From the moment Andre Drummond joined the Los Angeles Lakers, there was a tendency to see him and Marc Gasol, if not as enemies, at least as competitors. Two titans clashing for a limited supply of minutes for traditional centers.
But that’s not how Drummond sees things, a viewpoint that was made clear by a somewhat-surprising admission about which teammate had helped him most since he joined the Lakers.
“Marc has probably been the biggest help for me since I got here, despite him moving to third center, or second center. I always go to him and ask him questions when it comes to the defensive aspects of the game and the spacing offensively, because he’s been here,” Drummond said.
Gasol, a prideful champion and career-long starter, was initially frustrated by his benching in favor of Drummond, but he quickly came to see things differently. In addition to helping his new teammate, Gasol spoke out about how the whole team needed to worry less about roles or minutes, and more about winning. Drummond said he was grateful for Gasol’s help, and even in the moments he’s been benched in favor of the veteran, he can be seen on the sidelines cheering and clapping louder than anyone for his teammate’s success.
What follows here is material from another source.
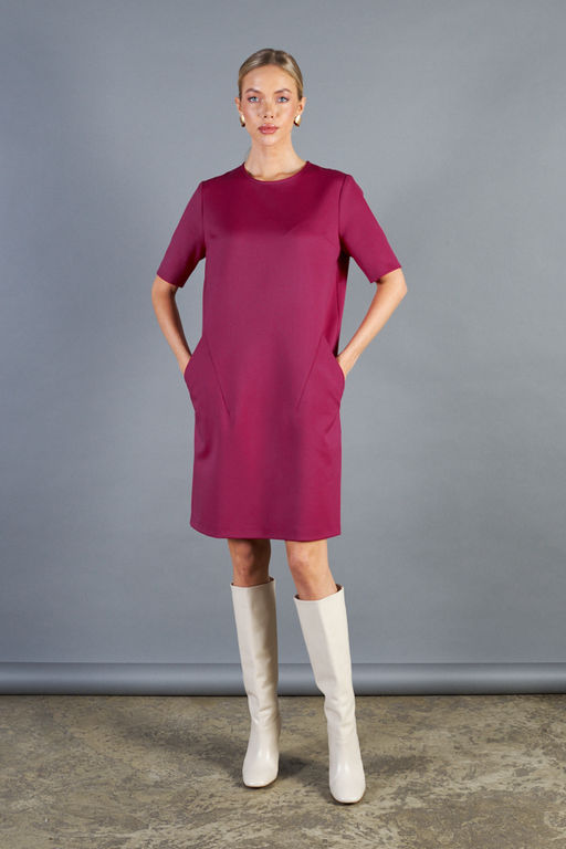 Платье свободного силуэта из плательной ткани. На передней части изделия выполнены декоративные рельефы и карманы. Втачной короткий рукав. Круглый вырез горловины, по среднему шву спинки застёжка на молнию.

“I admire his game, I got a chance to play against him for many years and just to know his knowledge of what it takes to be a winner,” Drummond said. “Just to get that insight from him on what I need to do to help this team on both ends of the court, he’s been very beneficial for me.”
It’s all part of the vaunted chemistry the Lakers put on full display in the bubble last season, but has been less visible this year, with far less cameras around and fewer opportunities for teammates to be around each other publicly due to the league’s health and safety protocols.
But it’s a chemistry that is still very much there, to a degree that even with less time to be around each other, Drummond still has felt the difference from his previous teams. In a must-read feature on his journey to the Lakers and this point of his career, Drummond told Mirin Fader of The Ringer that he’s never experienced this level of bonding with teammates in his time in the NBA:
With age comes wisdom. Drummond is more comfortable with himself now. He realizes that even though he is able to let things go now, his perfectionism is part of what still drives him. Which is why, when he was struggling early on to adjust to his new team’s system, scoring four points or fewer in three of his first five games, he was frustrated with himself. There was that perfectionism again. The one always coexisting with joy. Pushing him to be better, stronger.
“It’s because I care,” he says. So do his teammates. Drummond says the Lakers have a winning culture that goes beyond basketball. He notices how his new teammates always hang out outside of practice, a level of camaraderie he isn’t used to. “They do everything together,” he says. “Going to eat, simple things of being next to each other in the locker room, always communicating.”
That’s a revealing statement, especially in the context of how a new addition views this situation. While there has been outside concern at times that this Lakers group doesn’t have quite the intangible chemistry and connections of last year’s champs, Drummond seems to be feeling the love plenty as someone just walking into a new situation. So even if this team hasn’t gotten to bond quite as much as last year’s group — no preseason bonding trip in Vegas, less time together on flights and elsewhere — it’s clear they’re still very close.
Will that be enough for a roster that has barely gotten to play together during an expedited and injury-riddled year? We’ll see. But if the Lakers fall short, it pretty clearly won’t be due to any lack of closeness. This group is all-in for each other, now it’s just a matter of developing the on-court version of that chemistry in time to defend their title.